Among the entries below, retype exactly the lines starting with the one with "Happy Friends Матрас" and going on through the one with "Designed specifically for", but not the pictures.

Data provided:
[Start of Attachment]

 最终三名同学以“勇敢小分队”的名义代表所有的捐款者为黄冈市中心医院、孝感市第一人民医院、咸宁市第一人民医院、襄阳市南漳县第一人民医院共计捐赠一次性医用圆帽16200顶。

[End of Attachment]
[Start of Attachment]

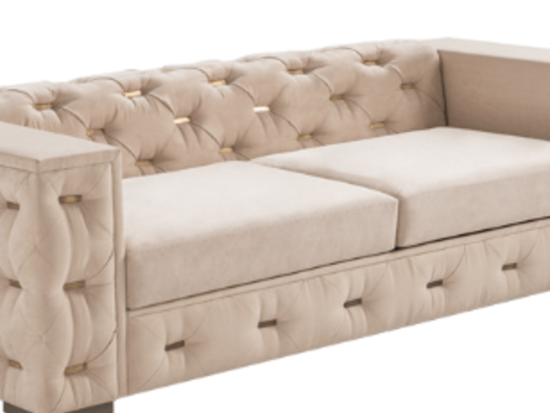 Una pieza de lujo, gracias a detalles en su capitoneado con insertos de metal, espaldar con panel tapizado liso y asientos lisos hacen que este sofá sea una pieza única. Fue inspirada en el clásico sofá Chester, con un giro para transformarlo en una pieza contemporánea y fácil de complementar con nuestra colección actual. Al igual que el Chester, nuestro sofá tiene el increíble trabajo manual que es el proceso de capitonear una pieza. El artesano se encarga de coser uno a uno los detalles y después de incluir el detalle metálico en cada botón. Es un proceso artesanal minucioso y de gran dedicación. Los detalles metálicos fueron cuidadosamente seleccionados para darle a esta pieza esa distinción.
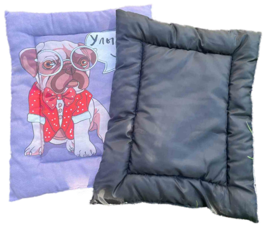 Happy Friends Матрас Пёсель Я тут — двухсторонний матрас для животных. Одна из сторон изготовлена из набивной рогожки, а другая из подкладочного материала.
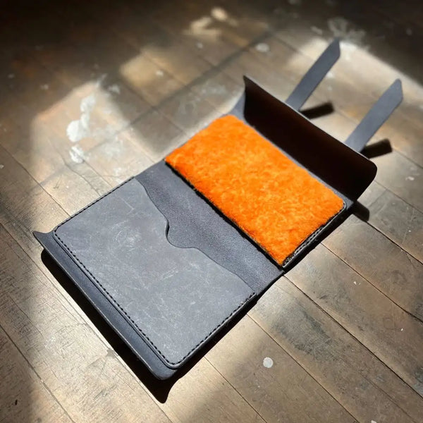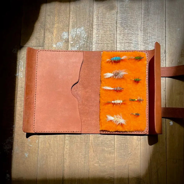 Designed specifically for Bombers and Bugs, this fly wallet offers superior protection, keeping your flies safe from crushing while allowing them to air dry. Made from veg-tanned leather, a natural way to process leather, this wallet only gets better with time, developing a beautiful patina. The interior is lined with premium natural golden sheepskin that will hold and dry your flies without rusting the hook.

[End of Attachment]

Result:
 Happy Friends Матрас Пёсель Я тут — двухсторонний матрас для животных. Одна из сторон изготовлена из набивной рогожки, а другая из подкладочного материала.
 Designed specifically for Bombers and Bugs, this fly wallet offers superior protection, keeping your flies safe from crushing while allowing them to air dry. Made from veg-tanned leather, a natural way to process leather, this wallet only gets better with time, developing a beautiful patina. The interior is lined with premium natural golden sheepskin that will hold and dry your flies without rusting the hook.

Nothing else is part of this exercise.